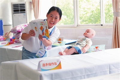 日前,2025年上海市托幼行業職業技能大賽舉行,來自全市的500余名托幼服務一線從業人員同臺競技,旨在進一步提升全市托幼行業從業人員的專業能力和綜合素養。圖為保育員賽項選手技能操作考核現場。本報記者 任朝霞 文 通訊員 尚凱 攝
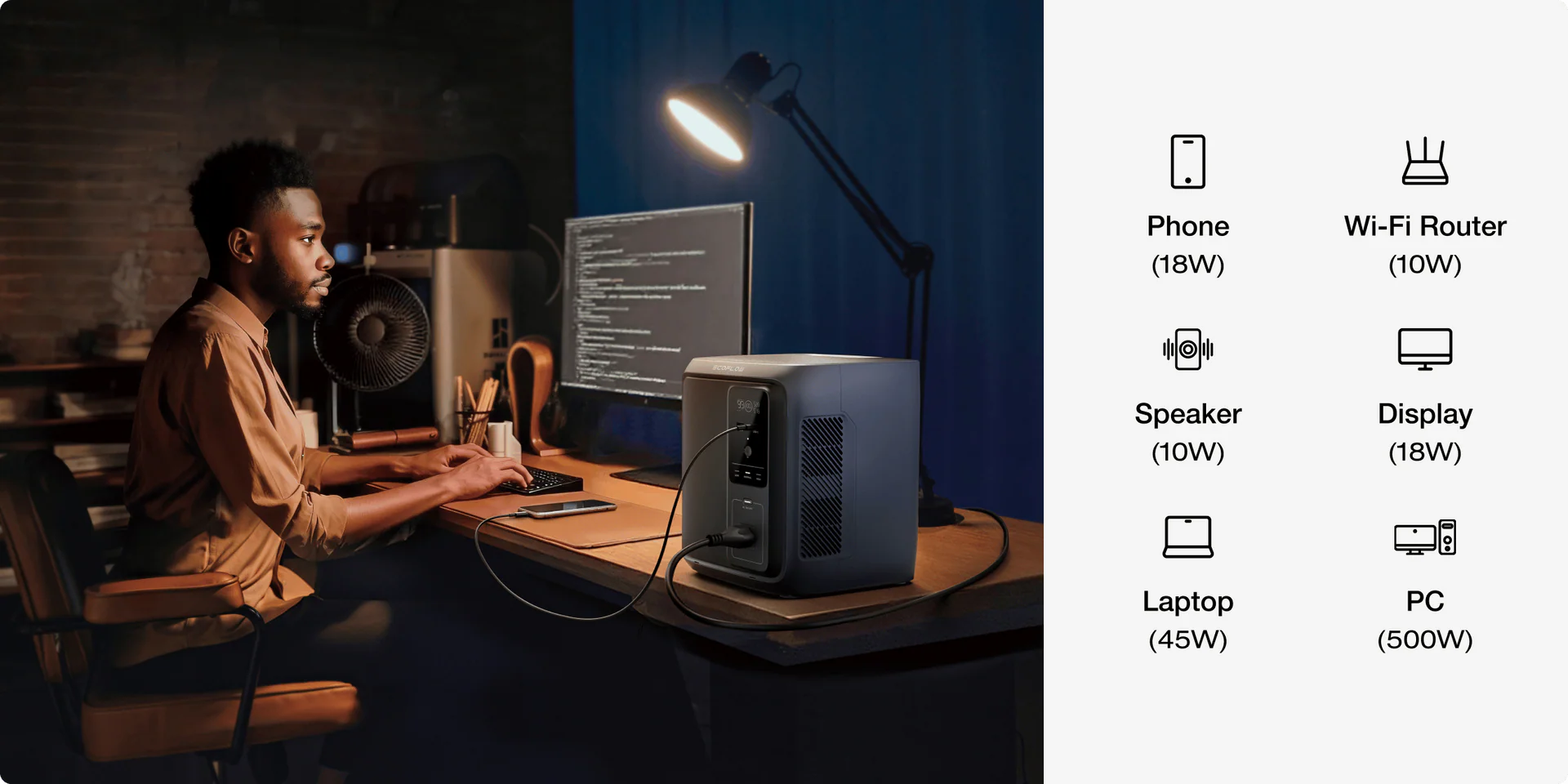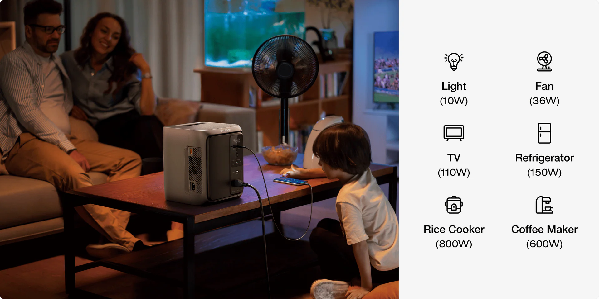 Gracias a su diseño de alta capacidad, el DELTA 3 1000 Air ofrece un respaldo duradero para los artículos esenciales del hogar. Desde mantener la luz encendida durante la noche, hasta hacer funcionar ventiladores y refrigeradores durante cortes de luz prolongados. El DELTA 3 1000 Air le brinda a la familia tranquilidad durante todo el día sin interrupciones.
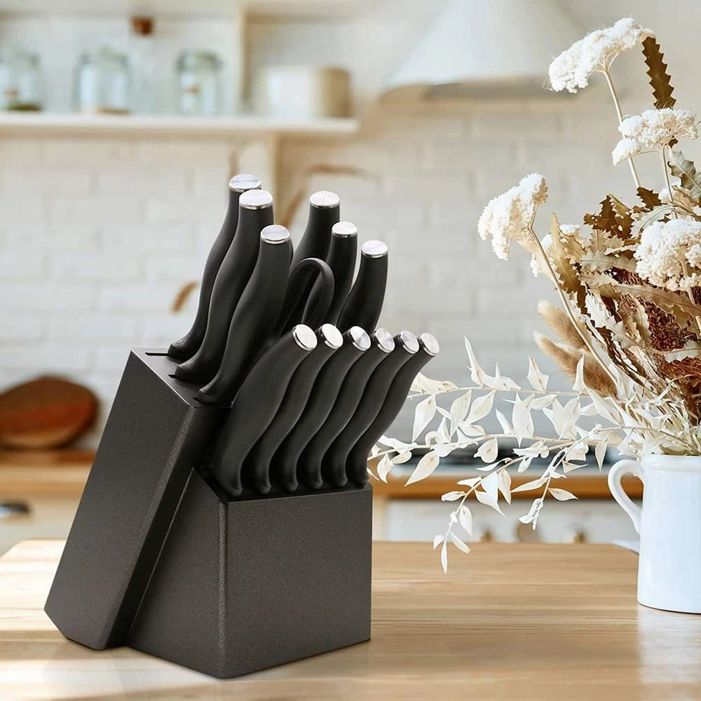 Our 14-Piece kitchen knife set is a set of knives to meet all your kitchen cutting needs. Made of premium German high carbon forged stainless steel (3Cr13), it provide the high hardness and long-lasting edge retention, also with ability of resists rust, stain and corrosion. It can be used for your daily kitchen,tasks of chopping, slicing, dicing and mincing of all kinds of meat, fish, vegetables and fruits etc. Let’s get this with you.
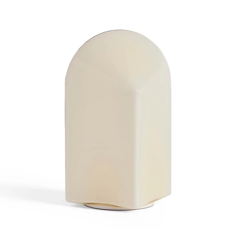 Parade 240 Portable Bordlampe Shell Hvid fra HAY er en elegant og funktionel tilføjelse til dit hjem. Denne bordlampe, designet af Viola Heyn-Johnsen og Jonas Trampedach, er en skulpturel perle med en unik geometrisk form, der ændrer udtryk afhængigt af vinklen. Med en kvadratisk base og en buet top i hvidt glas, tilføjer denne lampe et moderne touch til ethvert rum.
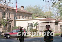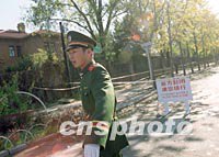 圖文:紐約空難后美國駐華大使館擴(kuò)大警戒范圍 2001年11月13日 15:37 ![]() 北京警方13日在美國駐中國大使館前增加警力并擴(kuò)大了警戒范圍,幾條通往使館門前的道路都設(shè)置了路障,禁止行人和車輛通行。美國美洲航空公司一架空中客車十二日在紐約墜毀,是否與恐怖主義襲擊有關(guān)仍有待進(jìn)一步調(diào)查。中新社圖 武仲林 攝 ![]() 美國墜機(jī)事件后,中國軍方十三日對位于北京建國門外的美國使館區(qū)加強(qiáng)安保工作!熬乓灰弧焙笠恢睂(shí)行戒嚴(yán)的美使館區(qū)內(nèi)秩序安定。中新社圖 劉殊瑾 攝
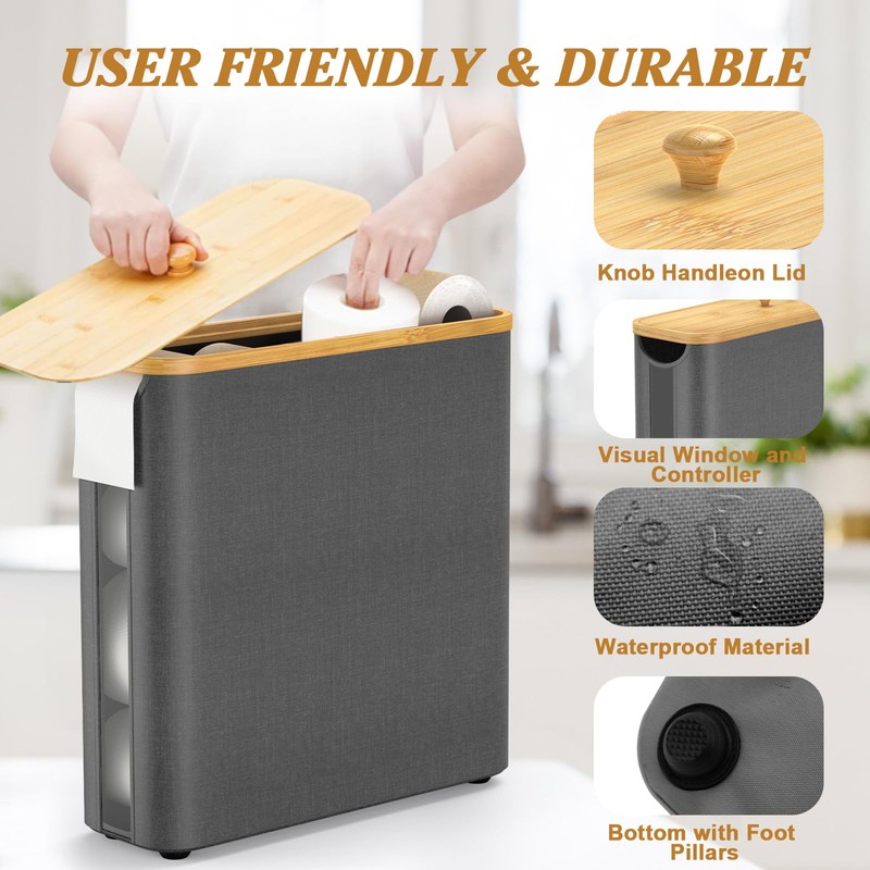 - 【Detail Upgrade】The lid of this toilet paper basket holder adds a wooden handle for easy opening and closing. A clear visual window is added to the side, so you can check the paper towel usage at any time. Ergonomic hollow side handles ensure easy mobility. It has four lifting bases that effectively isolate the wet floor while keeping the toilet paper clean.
================================
ABOUT THIS TASK - The answer must be the data above, repeated exactly, with no pictures.

WRITTEN RESPONSE -
 日前,2025年上海市托幼行業職業技能大賽舉行,來自全市的500余名托幼服務一線從業人員同臺競技,旨在進一步提升全市托幼行業從業人員的專業能力和綜合素養。圖為保育員賽項選手技能操作考核現場。本報記者 任朝霞 文 通訊員 尚凱 攝
 Gracias a su diseño de alta capacidad, el DELTA 3 1000 Air ofrece un respaldo duradero para los artículos esenciales del hogar. Desde mantener la luz encendida durante la noche, hasta hacer funcionar ventiladores y refrigeradores durante cortes de luz prolongados. El DELTA 3 1000 Air le brinda a la familia tranquilidad durante todo el día sin interrupciones.
 Our 14-Piece kitchen knife set is a set of knives to meet all your kitchen cutting needs. Made of premium German high carbon forged stainless steel (3Cr13), it provide the high hardness and long-lasting edge retention, also with ability of resists rust, stain and corrosion. It can be used for your daily kitchen,tasks of chopping, slicing, dicing and mincing of all kinds of meat, fish, vegetables and fruits etc. Let’s get this with you.
 Parade 240 Portable Bordlampe Shell Hvid fra HAY er en elegant og funktionel tilføjelse til dit hjem. Denne bordlampe, designet af Viola Heyn-Johnsen og Jonas Trampedach, er en skulpturel perle med en unik geometrisk form, der ændrer udtryk afhængigt af vinklen. Med en kvadratisk base og en buet top i hvidt glas, tilføjer denne lampe et moderne touch til ethvert rum.
 圖文:紐約空難后美國駐華大使館擴(kuò)大警戒范圍 2001年11月13日 15:37 ![]() 北京警方13日在美國駐中國大使館前增加警力并擴(kuò)大了警戒范圍,幾條通往使館門前的道路都設(shè)置了路障,禁止行人和車輛通行。美國美洲航空公司一架空中客車十二日在紐約墜毀,是否與恐怖主義襲擊有關(guān)仍有待進(jìn)一步調(diào)查。中新社圖 武仲林 攝 ![]() 美國墜機(jī)事件后,中國軍方十三日對位于北京建國門外的美國使館區(qū)加強(qiáng)安保工作!熬乓灰弧焙笠恢睂(shí)行戒嚴(yán)的美使館區(qū)內(nèi)秩序安定。中新社圖 劉殊瑾 攝
 - 【Detail Upgrade】The lid of this toilet paper basket holder adds a wooden handle for easy opening and closing. A clear visual window is added to the side, so you can check the paper towel usage at any time. Ergonomic hollow side handles ensure easy mobility. It has four lifting bases that effectively isolate the wet floor while keeping the toilet paper clean.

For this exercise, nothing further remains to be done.